What 9/11 means to those who remember it not

Time travel does not exist. If it did, though, and I was able to travel back to Tuesday, Sept. 11, 2001, I may be able to hold conversation with my younger self.

Three topics would undoubtedly come up. First, he would be very disappointed I was not a successful heavy metal musician. C’est la vie.

Second, he would be surprised I was still in university, and without a PhD. Get used to disappointment, kid. That’s nothing.

Third, he would want to know the outcome of the events of the terrorism attacks that day, how it affected our country … and he would want to know what it was like attending class with students who did not remember it. Some Ferris students were even born AFTER 9/11.

That boggles my mind.

You’ve heard it from your parents, teachers and elders — I am sure of it — but now hear it from me, your classmate maybe a little bit older.

Only two events in current human memory match that day: the Pearl Harbor bombing and the assassination of President John F Kennedy. My parents used to relate the day of JFK’s death, and how they remember exactly what they were doing when they heard the news. The September attacks were like that for me, too. Except…

I remember the entire day from beginning to end.

In that respect, it seems like only yesterday, not the 18 years that have since passed. Nothing of the day before. Maybe bits and pieces of the following week or so. But that day, from waking up to going to bed is permanently ingrained in my memory…burnt on like a weird tattoo.

Younger students who were maybe two, four or six years old do not remember much because they couldn’t grasp the complexity or impact of the situation. But for older students such as myself, there is a definitive impression of life before the event and life afterward. It’s like summer turned to a long, harsh winter in a single day. And spring still has not come. We are still living in the wake of that day nearly 20 years later.

There was a time our country was not at war. At all. Yeah, skirmishes in Bosnia and Kosovo, but no comparison.

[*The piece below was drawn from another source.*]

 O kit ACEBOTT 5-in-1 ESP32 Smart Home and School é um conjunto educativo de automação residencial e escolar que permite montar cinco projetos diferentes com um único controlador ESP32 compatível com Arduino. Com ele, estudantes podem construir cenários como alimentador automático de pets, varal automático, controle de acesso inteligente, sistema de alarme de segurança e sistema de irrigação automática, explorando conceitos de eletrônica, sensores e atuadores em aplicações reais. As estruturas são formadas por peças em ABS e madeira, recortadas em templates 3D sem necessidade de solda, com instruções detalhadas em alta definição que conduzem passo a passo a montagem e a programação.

We don’t hear about it anymore in the news — because it’s NOT news — but the international war on terror is still very much happening. We still have troops in Afghanistan and Iraq. And our efforts to defeat al-Qaida and the Taliban back- red, creating more destructing splinter groups such as the Islamic State and ensuring terrorist movements for the near future.

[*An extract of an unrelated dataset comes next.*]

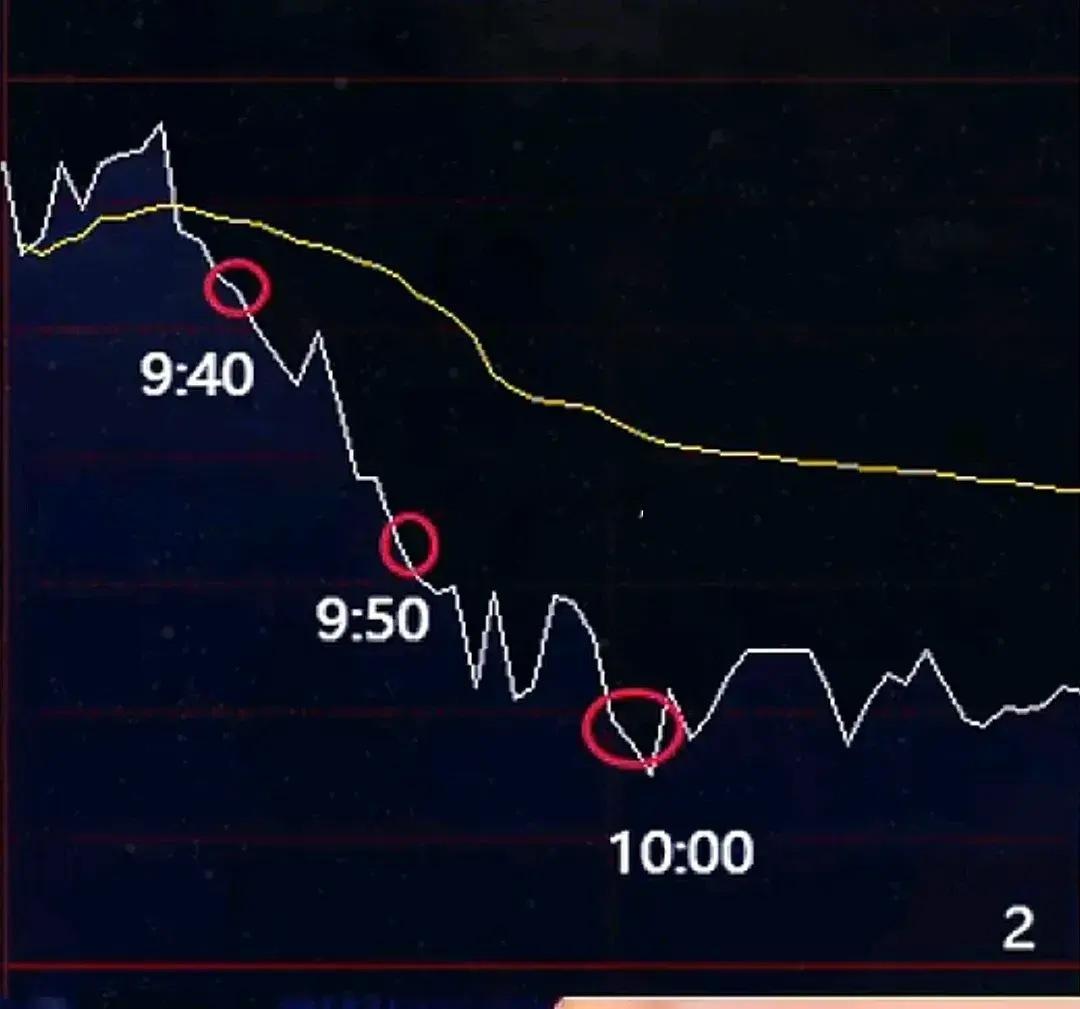 2. 三点降低并跌破均价线:行情向下趋势明显,应立即离场避险。当三个时间点股价依次降低且跌破均价线,表明空方占据主导,股价大概率持续下跌。

There was a time terrorism was not a thing, or at least it seemed to a young, impressionable mind. Terrorism was a third world problem.

Now it’s almost a daily concern. The 2016 Orlando nightclub shooting is evidence of this. So is the 2017 Manchester Arena bombing during an Ariana Grande concert. Domestic terrorism has always been a thing, but it was rarely attached to any radical religious groups. And that leads me to the next point.

Islamophobia. Was not. A thing.

Yes, there have always been assholes and racists. But life before 9/11 was mostly devoid of any public hate speech against Muslims. It’s truly hard to imagine now, especially for those born in the last 20 years.

No war. No terrorism. No Islamophobia. Seems nice, doesn’t it? That might not be a totally accurate statement, but that’s what the world looked like to a young, middle-class student in 2001.

That’s how much has changed. That’s why this day is important; not the planes or deaths or whatever. Those are tragically significant — significantly tragic — we need to remember them. But it’s everything that unfolded afterward that resonate so much today.

Now that we all understand what is gone…what can we do to restore it?